そしていずれ、エルレイナに近づく。そんなことを考えながら廊下を歩いていると、保健室の前にたどり着いた。


 まあ、今日のところは気張らず行こう。



 そして俺は、軽い気持ちで扉を開けた。



「...っ!?」



 脳が認識するよりも早く、体が室内の空気感を感じ取って鳥肌立ち、全身が警戒信号を発した。



 そこには、圧倒的な存在感を持ったエルレイナが、いた。この展開は予想していなかったため、全然頭が回らない。


 まずいまずいまずい。


「どうした。入らないのか。」


 こちらに背を向けたままのエルレイナにそう声をかけられ、ようやく俺は再起動することが出来た。


「...失礼します。」


 保健室に入った瞬間、やはり空気が違うのを感じた。彼女のまとっている空気が、この空間を支配している。このままじゃダメだ、とりあえずなにか話さないと。


「あの、リリ、リリレイルさんの様子を見に来たんですけど。大丈夫なんでしょうか。」


 リリの眠っているベットの横の、椅子に腰掛けているエルレイナに、そう声をかけた。


「君は、妹のクラスメイトか?」


 彼女の声はとても綺麗で、脳に染み込む。早く質問に答えなければ、気づいたらそう思っている自分がいた。これが彼女の持つカリスマ性か。


「そうです。才能を見せる実習中にリリレイルさん、倒れちゃったので、心配で見に来ました。」


 震える心を押さえつけ、表面を取り繕って何とか返事をする。


「そうか。

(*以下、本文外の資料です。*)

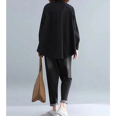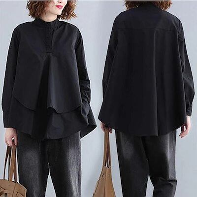 シャツ レディース ブラウス 黒 長袖 立ち襟 フレア 春 秋 長袖 オフィス 通勤 シャツブラウス 無地 Aライン トップス レイヤード風
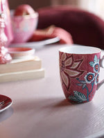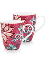 Set de dos tazones de porcelana con diseño de flores en tonos rosados.
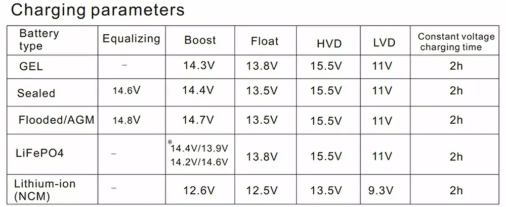 - Compatible with a wide range of batteries: LiFePO4. 3S (12.6V) Lithium. SLA. lead acid. and AGM
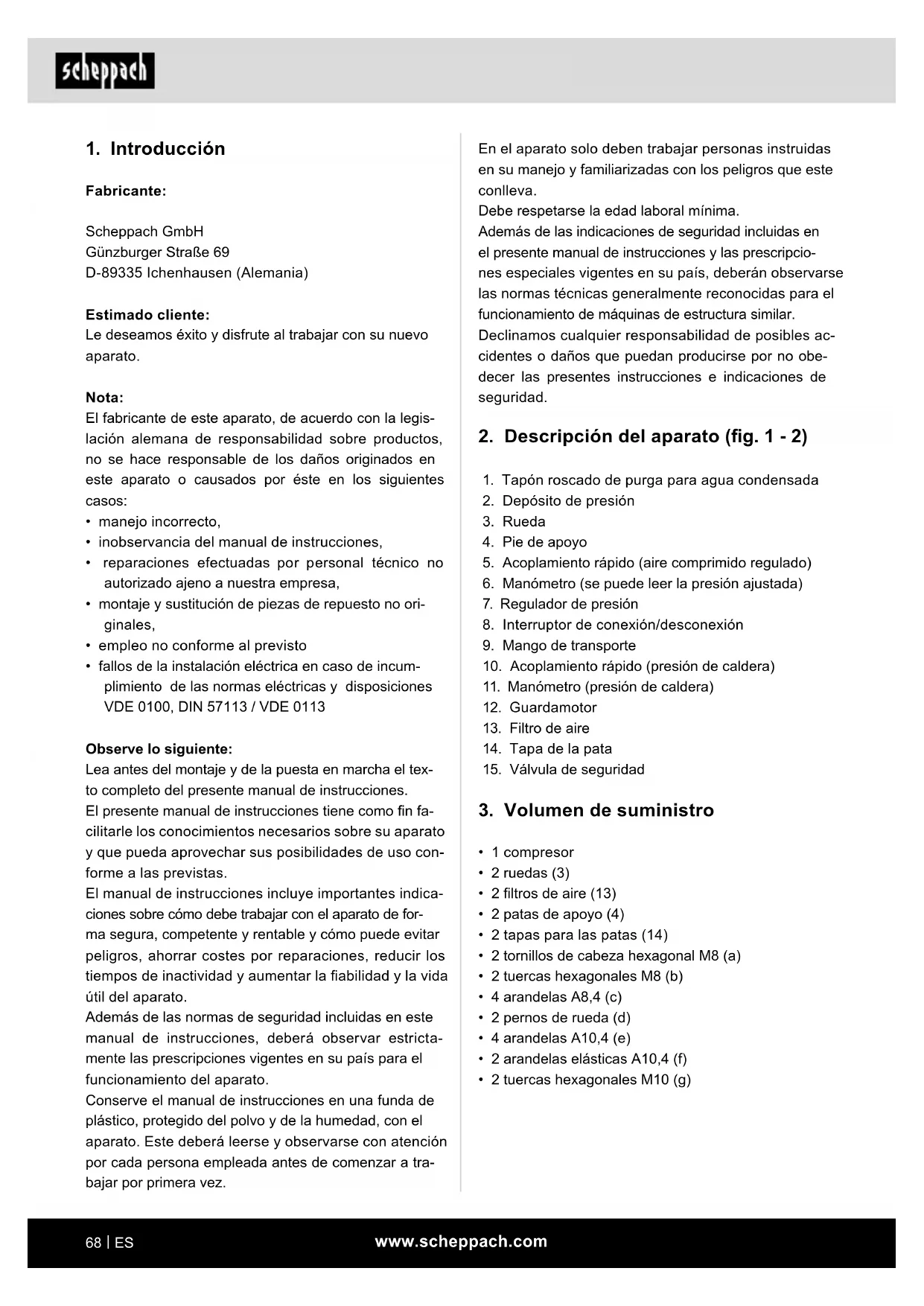 HC104DC - Compresor SCHEPPACH - Manual de uso y guía de instrucciones gratis

しかし生憎まだ妹は目を覚ましていなくてな。」


 よし、帰ろう。


 何の準備もせずに彼女と対面していると、いつボロが出てもおかしくない。ここは戦略的一時撤退だ。


「あ、そうでしたか。じゃあ僕はまた出直すことにします。」


 そう言って帰る意思を示した。


「まあ待て。この後なにか予定はあるのか?」


 こちらを振り向いて立ち上がり、彼女はそう言った。整った顔立ち。目力が半端ない。引き止められると思わなかった俺は、顔が引き攣りそうになるのを必死で堪える。


「よ、予定というか、午後の授業がありまして。」


「今は昼休みか。まだ時間はあるな。少し、話が聞きたい。」


 なんでだ。なんでそうなる。


 もう既になにか、俺はボロを出していたのだろうか。かつてないプレッシャーの中、必死に頭を回転させる。今すぐにここを飛び出してもいいが、それでは余計に怪しくなるだけだ。ここで俺が取れる選択肢はひとつ、残りの短い時間で彼女と話し、疑いを晴らすことだ。


 やってやろうじゃないか。


「分かりました。それで、話とはなんでしょうか?」


 乗り切ってみせる、この窮地を。


「妹は、クラスに馴染めているのか?」


 は?


「は?」


 不味い、あまりにも意味がわからなくて、思ったことがそのまま声に出てしまった。俺は慌てて取り繕うように続ける。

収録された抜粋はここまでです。